A new law went into effect in February 2006, extending the so-called “look-back" period for asset transfers for individuals to 60 months, while maintaining the 60-month “look-back" period for transfers to trusts. When an individual applies for institutional Medicaid now, the agency that oversees Medicaid in the county where the application is filed will “look-back” five years by reviewing the individual’s financial statements to see if the individual transferred away any assets during that period.
For example, if an individual transferred away $100,000 to reduce their assets to get below the Medicaid eligibility level of $14,850, the individual would face a period of ineligibility for Medicaid because of the transfer, called a penalty period. If the individual lived in New York City, to determine the penalty period, for 2017 you would divide the $100,000 by $12,000, the approximate monthly regional average cost of nursing home care in the city. If you divide $100,000 by $12,000, the approximate penalty period is 8.3 months, meaning the individual would have to pay privately for nursing home care for up to nine months, before being eligible for Medicaid. (This is an approximation. Different regional average rates for nursing homes apply for different regions in the state.)

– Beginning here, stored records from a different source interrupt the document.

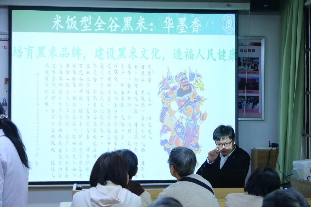 在狮子山街道珞狮路社区,“小白塔”党员志愿服务队的师生们共同策划开展了“营养科普进社区·健康知识惠万家”活动。在营养健康知识讲座上,生物医学教工党支部教师党员石秀娟、生物科学系博士后周再会面向社区居民普及了“未病先防,既病防变”的治未病生活健康理念和“华墨香”米饭型全谷黑米营养价值,帮助他们形成健康的生活方式。
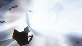 Justin nyaktilv vltoztatja karjt, majd egy erteljes, ezst szn kivgz sugarat l clpontjra. A sugr rendkvl nagy tt tulajdonsggal br.
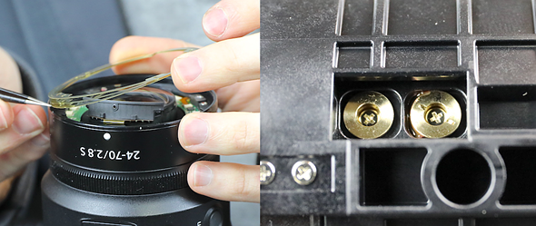 | The two most common types of lens adjustments: shims and eccentric collars. |
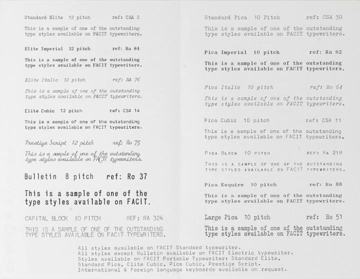 Schriftartenverzeichnis für Schreibmaschine Facit Nr. 41-10M-7/64
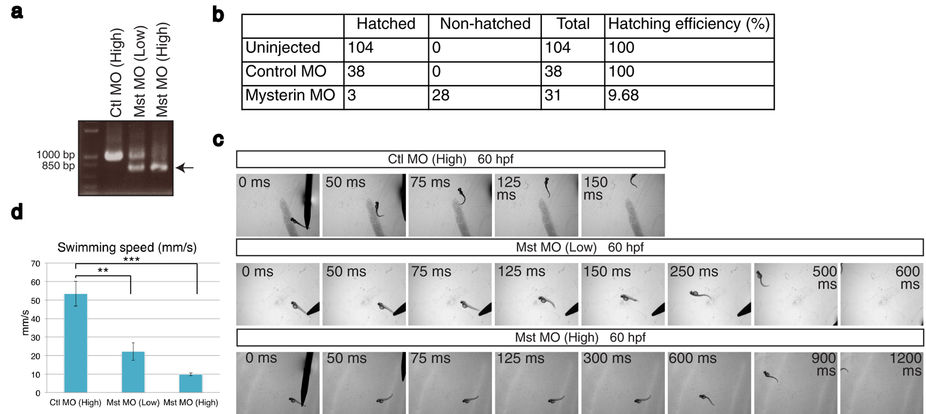 (a) Examination of the knockdown efficiency in morphants. Treatment with a low (1.7 ng) or high (5.1 ng) dose MO targeting mysterin-α (Mst) confirmed dose-dependent suppression of mysterin gene splicing at 2 dpf, as determined by RT-PCR. The lower band represents the products of impaired splicing (arrow). (b) Hatching defects in mysterin morphants. Morphants injected with a high dose of MO exhibit a significant hatching failure at 3 dpf. (c) Escape response to tactile stimulation at 60 hpf. Injection of a MO targeting mysterin reduces the movement of larvae in a dose-dependent manner. (d) Quantification of the swimming speed (mm/s) measured in 6 control morphants, 7 low-dose morphants, and 5 high-dose morphants at 60 hpf. **P < 0.01; ***P < 0.001.
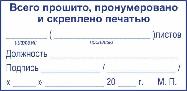 Образец штампа прошнуровано и скреплено печатью
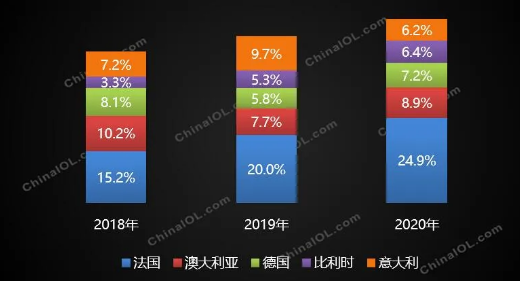 從下圖可以看出,2018-2020年前三季度,出口量前五名國家集中度越來越高,2020年前三季度的空氣源熱泵出口市場中,前五名國家集中度已經(jīng)超過了50%,其中,四國為歐洲國家??諝庠礋岜卯a(chǎn)品出口到法國、比利時等歐洲國家的數(shù)量,占整個出口市場的份額也在逐步提升。
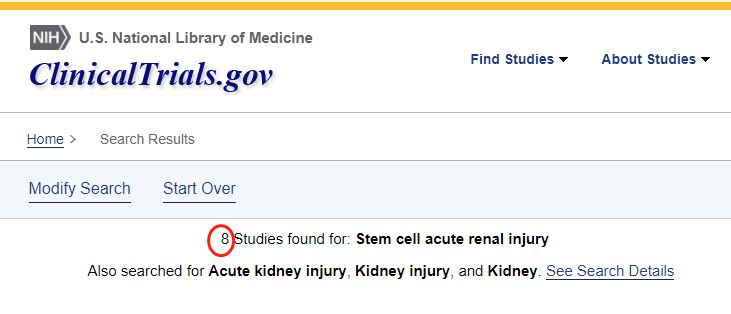 截止目前,已经有8项间充质干细胞治疗急性肾损伤的临床试验注册在美国国立卫生研究院的最大临床试验注册库http://clinicaltrials.gov上。

The penalty period will begin to run when the applicant is admitted to the nursing home and the person has applied for Medicaid. When applying for institutional Medicaid, the applicant is required to provide to the local Medicaid agency all bank, brokerage and financial statements covering the five-year look-back period.
If the individual seeking institutional Medicaid has a spouse, this so-called “community spouse” is allowed, under 2017 guidelines, to retain $3,022 in monthly income (the so-called “minimum monthly maintenance needs allowance”) and $74,820 in assets, or one half of the couple’s assets up to a maximum of $120,900 (the so-called “community spouse resource allowance”). These income and asset levels are allowed so that the spouse living in the community does not have to become impoverished for the spouse going into the nursing home to qualify for Medicaid.
The community (also known as the well) spouse may sign what is called a “spousal refusal” document saying that they refuse to use their assets to pay for the medical care of their institutionalized spouse. However, depending on the amount of income or assets that the community spouse has, the community spouse may be sued by the local Medicaid agency for support. A well spouse also may use a spousal refusal in the situation where the spouse seeking Medicaid is requesting Medicaid-covered home care. It is strongly advised that an individual consult an attorney before signing a spousal refusal.
If an individual or a couple have too much resources to qualify for institutional Medicaid, under some circumstances the law allows for certain Medicaid planning techniques to be used to help an individual qualify for Medicaid. Likewise, if an individual has created a Medicaid penalty period because of prior transfers, the individual may be able to take other Medicaid planning actions to reduce the penalty period. These technics and actions are complex and should not be done without consulting an attorney.
The Medicaid application process is complex, lengthy and can be quite frustrating. All applicants and their family members are advised to have patience when submitting an application.